The Associations along with the Adelaide City Council and the people of South Australia will be celebrating and honouring local farmers. In 2015, the event is set to get even bigger and organisers are expecting more than 1000 people to join in the celebration.

This is a free entry event held at Bonython Park, North Adelaide from 9am onwards on Sunday 18 January. It will be an action-packed day with loads of cultural and fun activities for all people.

Events will include a ceremony honouring South Australian farmers, Pongal cooking, Mulaipari Uri Adi, multicultural performances on stage, a variety of food stalls providing delicious meals and a raffle draw.
What is Pongal?

Pongal is the Harvest Festival of the Tamils. Pongal/the Harvest Festival is popularly known as ‘Thai Pongal’ and celebrated around 14 January every year. It is the beginning of the Tamil calendar month ‘Thai’.

Traditionally, it is a kind of thanks giving festival for the farmers who depend on the natural elements for a bountiful harvest of their staple food, rice.

It is a time when the rich and the poor get together to offer their thankful worship to the sun, the earth, the cattle and their harvested bounty with devotion.
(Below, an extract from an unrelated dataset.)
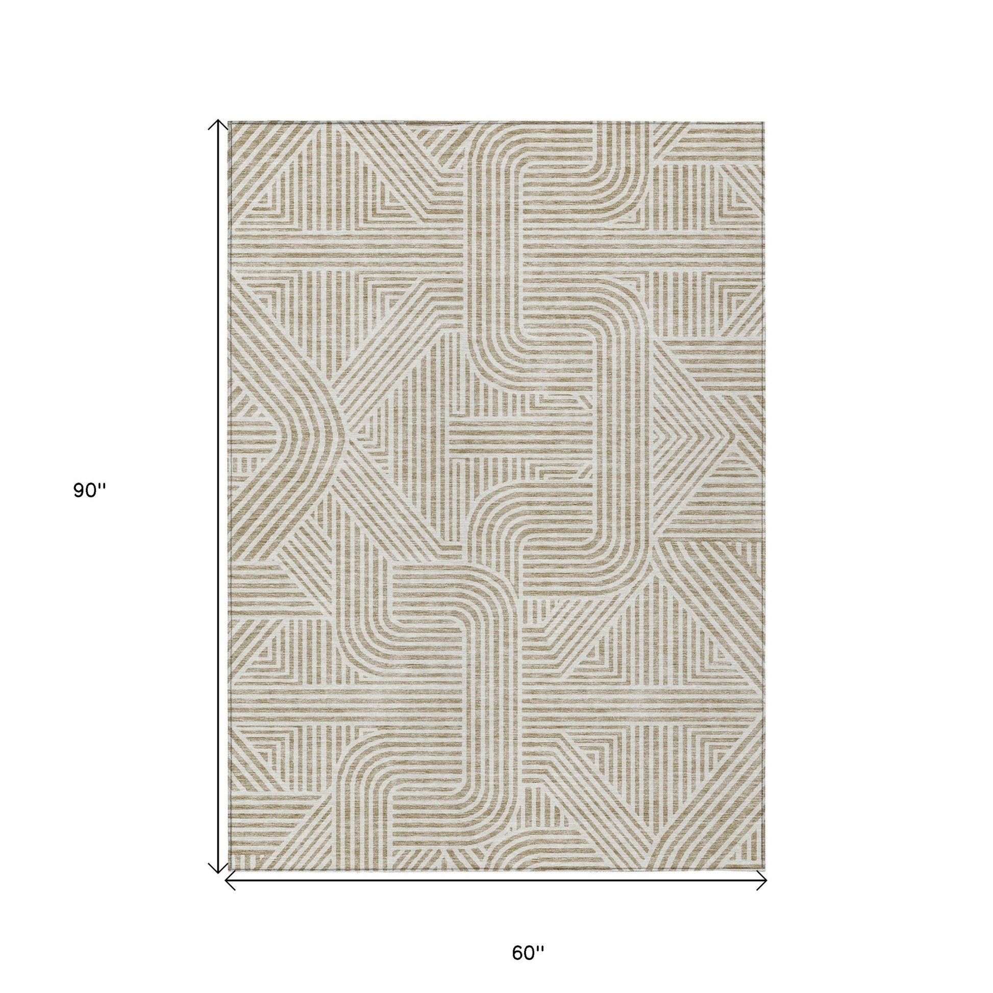 Tabselect Home Line 5' X 8' Beige And Brown Abstract Washable Indoor Outdoor Area Rug

Pongal also has an astronomical association with the northward movement of the Sun which is considered to be religiously auspicious and worth celebrating too.

 

Pongal festivities are celebrated over four days

To commence the festivities, houses are cleaned, painted and decorated, and new clothes bought for every one in the family. Traditionally, clay pots were used for the cooking during the festivities and new ones bought, but with the advent of metal this has become symbolic only.

 

Bhogi

The first day of Pongal is ‘Bhogi’ and it is the time for new to replace the old. Bonfires are lit and all the old unwanted items around the place are consigned to the flames as preparation for the following all important day of the festival of Thai Pongal.

Thai Pongal

Thai Pongal is the Surya Pongal Day, the day for the Sun God. Before the sunrise, the women prepare the perimetre where the festivities are to happen, draw intricate and artistically amazing floor drawings using rice flour and decorate with fresh flowers. The ritual starts with the preparations to make temporary cooking facilities in the open, usually in front of houses or in a communal area. These places are decorated with flowers, freshly cut banana stems, sugar cane and turmeric plants.

The ritual of cooking the freshly made rice with milk and water is usually started in the predetermined auspicious time and the moment people see the boiling water mixed with milk bubbling out of the cooking pot, everybody shouts, ‘PONGALO PONGAL, PONGALO PONGAL’!

This boiling over of the watery milk is considered, for some religious reason, to be auspicious for the enhancement of goodwill and prosperity for everybody around. The Pongal cooked with the rice, milk, raw brown sugar and small pieces of sugar cane is offered to the sun God and mother earth. There are customs, in some places, to mix this Pongal with water and throw the mixture onto the roofs of houses for the birds before anybody is allowed to consume the cooked Pongal.

 

Mattu Pongal – Dedicated to honour the cattle

The day following the Surya Pongal is dedicated to the cattle which play an important role in farming. On this day all the cattle are washed, their horns polished and decorated with shining colours and garlands of wild flowers over their necks. Every cattle in the household is given complete rest on this day. The farmers offer their worship to the cattle and feed them with freshly cooked plain Pongal rice and freshly cut grass and not their usual dry hay!

 

Kanum Pongal – The Day to be merry and feast

This last day of the Pongal celebrations is mainly for the households to see friends and family, and to have feasts and exchange goodwill, presents and generally be merry. There are many festivities and playful games of all sorts on this day.

An important aspect of this day is, in many parts of Tamil Nadu, a ritual called ‘Jalli Kattu’ a sport more or less similar to the Matador bullfighting sport of Spain. This is mainly taming and controlling savage bulls for a reward for heroism with participation by young men. Bundles of money and sometimes gold are tied to the horns of these ferocious bulls which the young men try to retrieve.